One day last fall, Southern California Edison (SCE) announced 20 deals for nearly 250 megawatts (MW) of power. Now it’s getting that much in one fell swoop.
The utility announced a 250-MW power purchase agreement with First Solar for electricity expected to come from the Silver State South Solar Project in the Mojave Desert, near Primm, Nev. There is a speculative tinge to this deal; while the Silver State North project is approved – it was, in fact, the first utility-scale solar project on Nevada public lands to gain approval – the Bureau of Land Management website says “the Silver State South Solar Project is undergoing additional environmental analysis, and the BLM should issue a decision in 2012.”
The Silver State projects began under NextLight Renewable Power, then came to First Solar last year when the company acquired NextLight. First Solar plans a ground-mounted photovoltaic system that will connect with SCE’s Eldorado-Ivanpah 220-kilovolt transmission line. It anticipates producing some electricity from the plant in 2014 and to have it fully operational by May 2017.
SCE has been on a solar power buying spree lately.

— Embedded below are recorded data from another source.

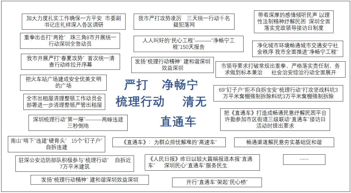 同时期,深圳也出现“治安环境日趋恶劣,城市环境捉襟见肘”等问题。为此,深圳出台了一系列措施治理社会问题。这一阶段出现了新的新闻高频关键词,如“严打”“梳理行动”“清无”“净畅宁”等,检索其关联新闻报道发现(如图6),深圳从2001年起,加大社会治理力度,开展“严打”行动,处理社会治安问题和城市建设问题。关联报道显示,2003年深圳开展了疏导城市交通的“净畅宁工程”,2004年开展查处违章建筑的城市“梳理行动”,2005年推出整治非法经营的“清无行动”,到2006年深圳市委还在深圳特区报开辟了《直通车》栏目,回应社会关切。
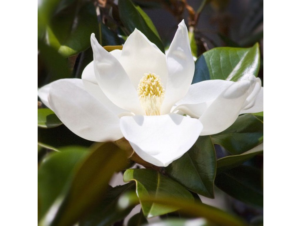 Šácholan velkokvětý (Magnolia grandiflora) ve velikosti 10–12 cm je mladý alejový strom stálezeleného druhu vhodný pro dlouhodobé výsadby.
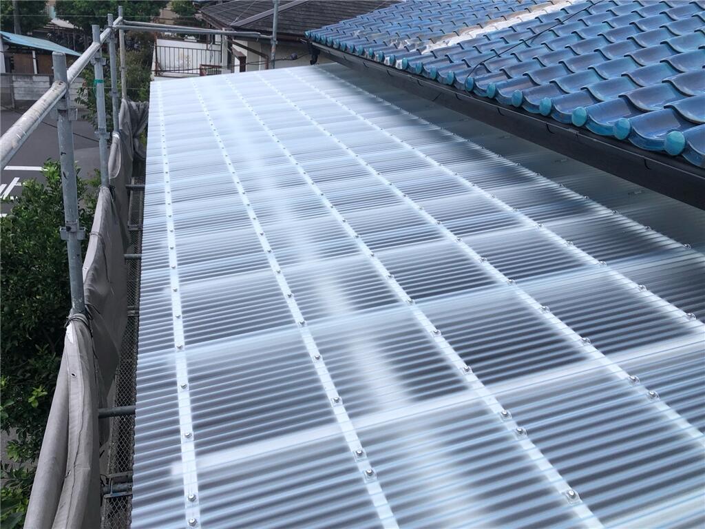 日焼けやひび割れが進むと強度が低下し、台風などで飛ばされる危険性もあります。新しく波板を張り替えしクリアカラーで透明性が高く、自然光を取り入れることができるため、光の透過も抜群です。
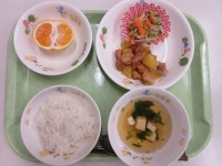 牛乳、ごはん、白身魚の竜田揚げ、大根の甘酢あえ、みそ汁、オレンジ
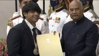 गोल्ड मेडल विजेता नीरज चोपड़ा को मेजर ध्यानचंद खेल रत्न पुरस्कार से सम्मानित किया गया।
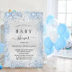 Eine moderne, elegante Babydusche, die einen kleinen Jungen feiert. Imitate silber metallische Hintergrund mit blauen Imitaten Glitzer Staub. Personalisieren und fügen Sie einen Namen und Party-Details hinzu. Schwarze Buchstaben.
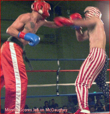 However, with the point deductions, the judges scored 29-27 Mason, 28-28 Draw, 28-29 Krantz. When asked if they were ready for a forth round both fighters agreed, NO, so This Match Was Determined a DRAW.
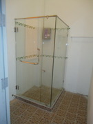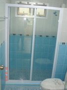 ฉากกั้นอาบน้ำ รุ่นใหม่ล่าสุดกระจก Temper glass 6 mm. ใส รุ่นเปลือยเลื่อน 150x185 cm. ราคา 13,000 บาท

In addition to this new deal and the deals it announced in November, just last month it announced power purchase agreements totaling 831 MW. In 2009, the utility delivered 13.6 billion kilowatt hours of renewable power to its customers, comprising about 17 percent of its total portfolio. California law required the major utilities in the state to reach 20 percent by 2010 – although extensions to 2013 have been granted – and boosts that target to 33 percent by 2020. State figures put SCE at 17.4 percent in 2009, with Pacific Gas & Electric at 14.4 percent and San Diego Gas & Electric at 10.5 percent.